- Supplied material:

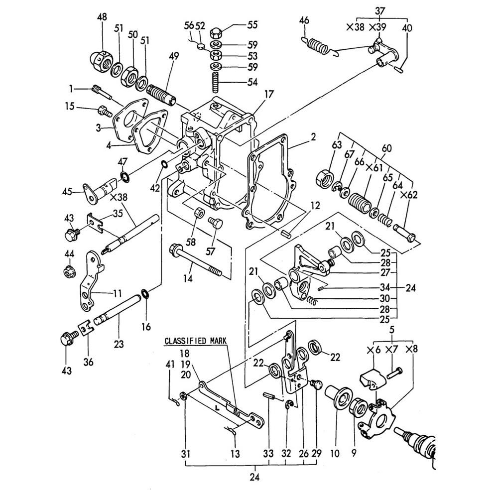 The Governor Assembly for the Yanmar 2TN66E-YL Engine is crucial for regulating engine speed and ensuring optimal performance. This assembly includes components such as springs, levers, and weights, which work together to maintain consistent engine operation. Designed for durability and precision, these genuine Yanmar parts help in reducing wear and extending engine life.
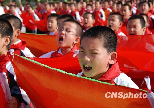 9月21日,山东滨州实验学校学生们在“迎国庆中华经典诵读比赛”中朗诵革命诗词。当天,该校学生朗诵了毛泽东、陈毅等老一辈革命家写下的“更喜岷山千里雪,三军过后尽开颜”、“南国烽烟正十年,此头须向国门悬”等经典革命诗词,并摆出“60”字样,以此祝福祖国,向祖国六十华诞献礼。中新社发 张滨 摄
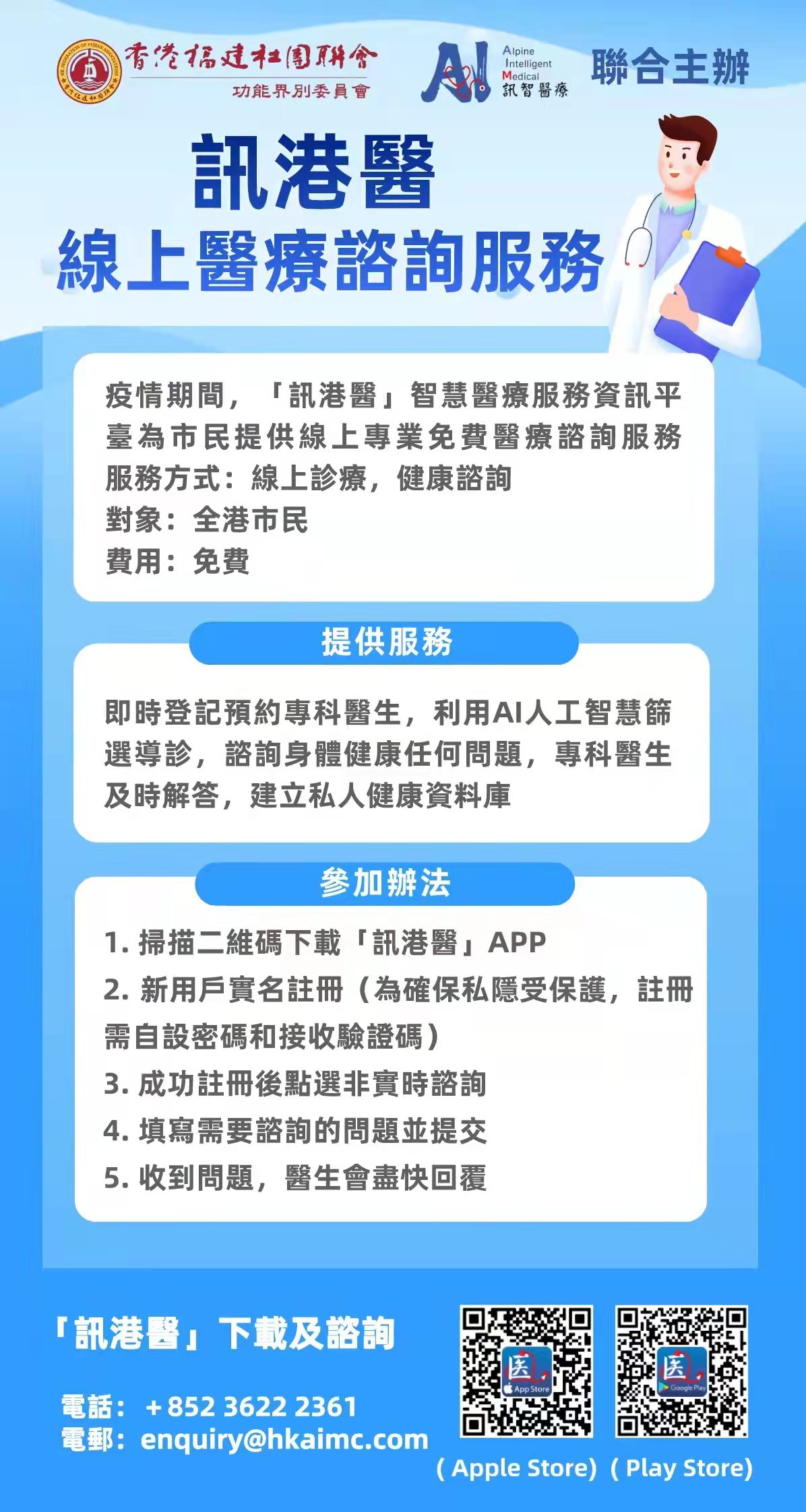 無助時接通的一通求助電話,或許會為求助者帶來莫大的鼓勵和希望。於是,黃偉基組織了十多位醫生、護士,推出醫療手機程式「訊港醫」,為登記的使用者提供醫療查詢、實時應診服務。
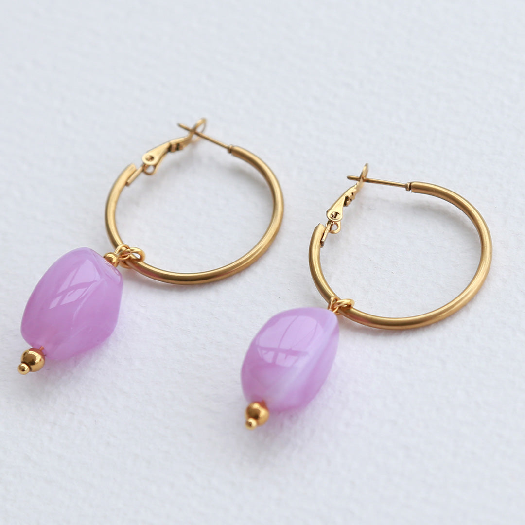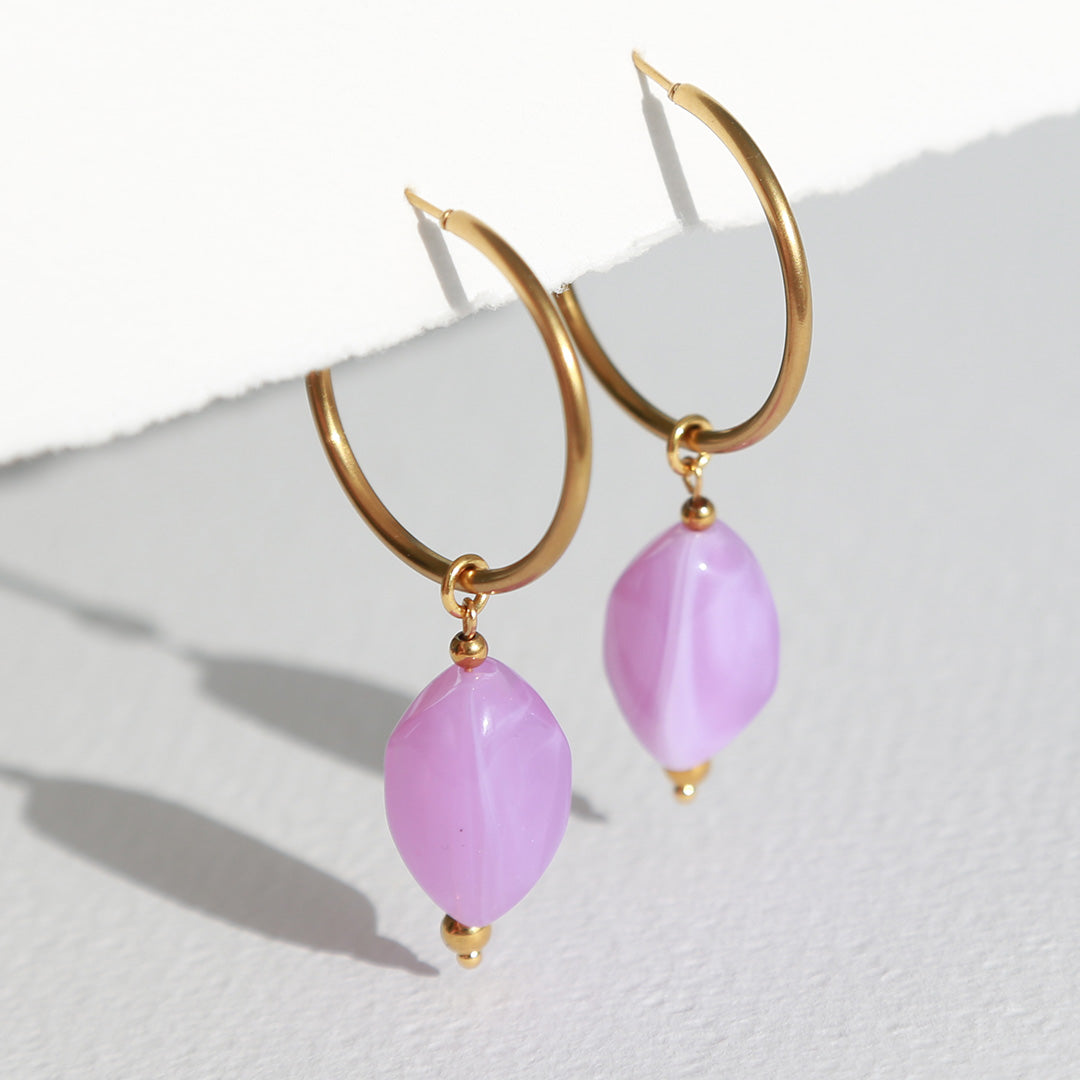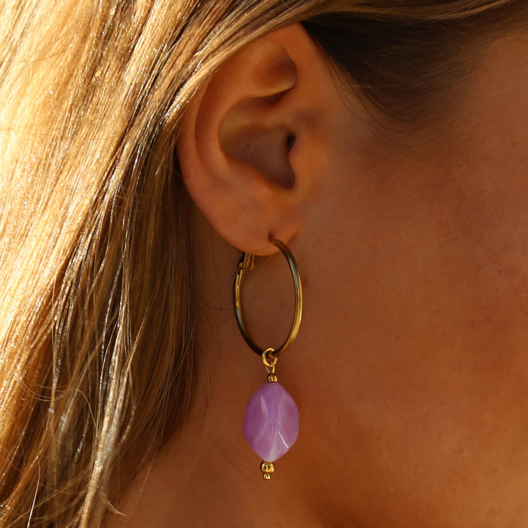 Diese wunderschönen Ohrringe runden jedes Outfit perfekt ab! Tragen Sie sie einzeln für einen dezenten Look oder kombinieren Sie sie mit mehreren Ohrringen für einen trendigen Ohrring-Look. Sie passen hervorragend zu unserer goldenen Halskette „Rocks Lilac“!

- Problem description:
Output all of the data above exactly; no pictures should appear.

- Answer section:
 The Governor Assembly for the Yanmar 2TN66E-YL Engine is crucial for regulating engine speed and ensuring optimal performance. This assembly includes components such as springs, levers, and weights, which work together to maintain consistent engine operation. Designed for durability and precision, these genuine Yanmar parts help in reducing wear and extending engine life.
 9月21日,山东滨州实验学校学生们在“迎国庆中华经典诵读比赛”中朗诵革命诗词。当天,该校学生朗诵了毛泽东、陈毅等老一辈革命家写下的“更喜岷山千里雪,三军过后尽开颜”、“南国烽烟正十年,此头须向国门悬”等经典革命诗词,并摆出“60”字样,以此祝福祖国,向祖国六十华诞献礼。中新社发 张滨 摄
 無助時接通的一通求助電話,或許會為求助者帶來莫大的鼓勵和希望。於是,黃偉基組織了十多位醫生、護士,推出醫療手機程式「訊港醫」,為登記的使用者提供醫療查詢、實時應診服務。
 Diese wunderschönen Ohrringe runden jedes Outfit perfekt ab! Tragen Sie sie einzeln für einen dezenten Look oder kombinieren Sie sie mit mehreren Ohrringen für einen trendigen Ohrring-Look. Sie passen hervorragend zu unserer goldenen Halskette „Rocks Lilac“!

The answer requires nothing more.